* _What needs to be done_: Starting at the first line of the data, print every line up to and including the one with "Wind Farms just beyond the Selman Ranch.", but no pictures.

(Records from a collection)
+-------+
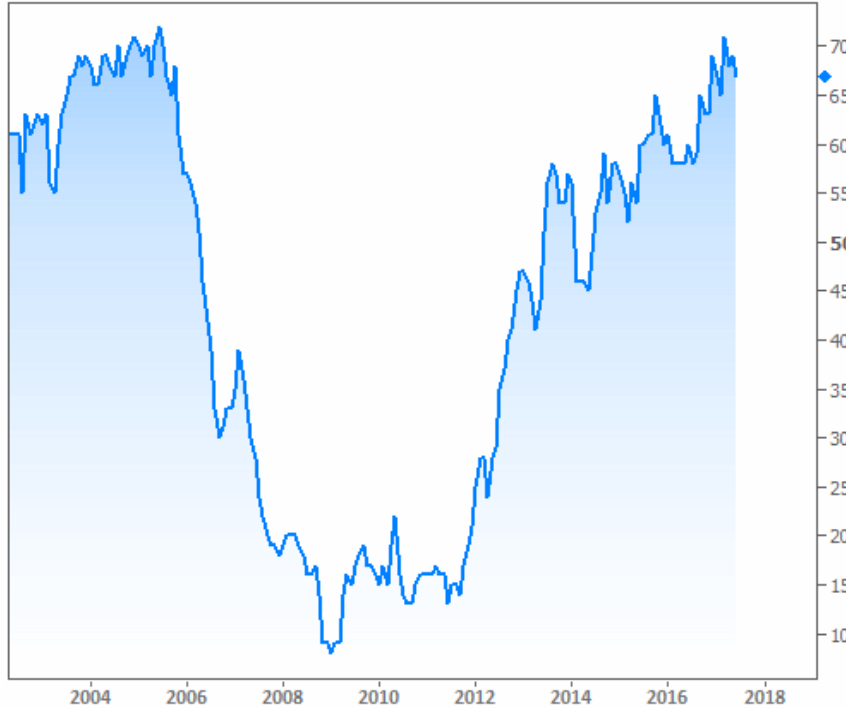
NAHB Housing Market Index

The HMI is constructed from responses to a survey NAHB has conducted for more than 30 years among its new-home builder members. They are asked to provide their perceptions of current single-family home sales and sales expectations for the next six months as "good," "fair" or "poor." The survey also asks builders to rate traffic of prospective buyers as "high to very high," "average" or "low to very low." Scores for each component are then used to calculate a seasonally adjusted index where any number over 50 indicates that more builders view conditions as good than poor.
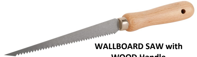
WALLBOARD SAW with WOOD Handle
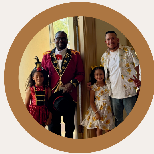
Father & Daughter / Mother & Son Dances
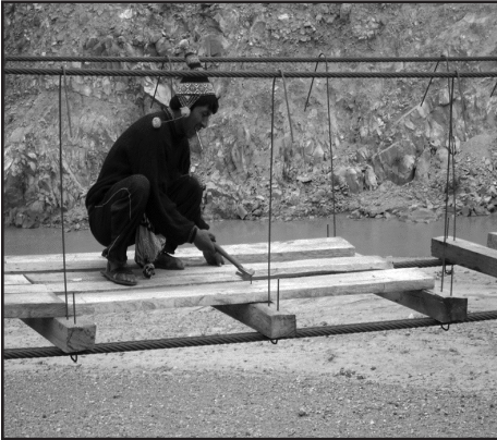
Attaching the decking was one of the last requirements to finish the bridge.
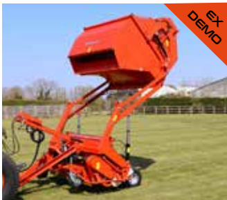
WIEDENMANN SUPER 500 FLAIL COLLECTOR Ref. GC13918
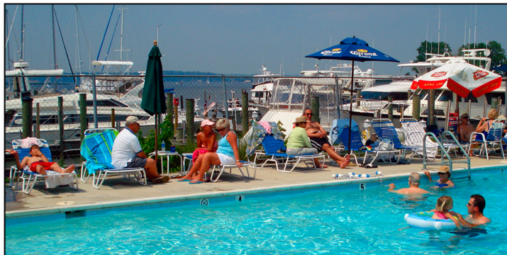
50' Swimming pool with lifeguard
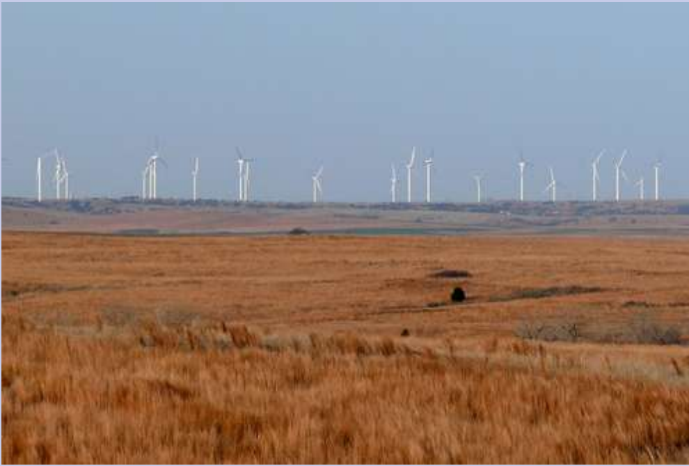
Wind Farms just beyond the Selman Ranch.

Click here for original information and registration form
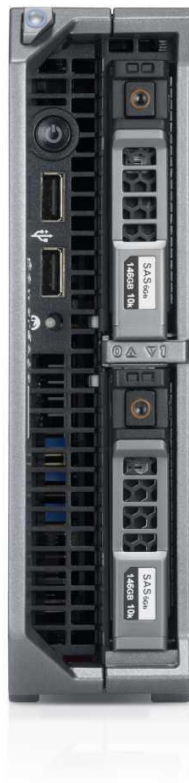
Figure 1. M520 front view

The chassis design of the M520 is optimized for easy access to components and for airflow for effective and efficient cooling. Figure 2 shows the M1000e chassis enclosure populated with M520 modules.
+-------+
* _Written response_:
NAHB Housing Market Index

The HMI is constructed from responses to a survey NAHB has conducted for more than 30 years among its new-home builder members. They are asked to provide their perceptions of current single-family home sales and sales expectations for the next six months as "good," "fair" or "poor." The survey also asks builders to rate traffic of prospective buyers as "high to very high," "average" or "low to very low." Scores for each component are then used to calculate a seasonally adjusted index where any number over 50 indicates that more builders view conditions as good than poor.
WALLBOARD SAW with WOOD Handle
Father & Daughter / Mother & Son Dances
Attaching the decking was one of the last requirements to finish the bridge.
WIEDENMANN SUPER 500 FLAIL COLLECTOR Ref. GC13918
50' Swimming pool with lifeguard
Wind Farms just beyond the Selman Ranch.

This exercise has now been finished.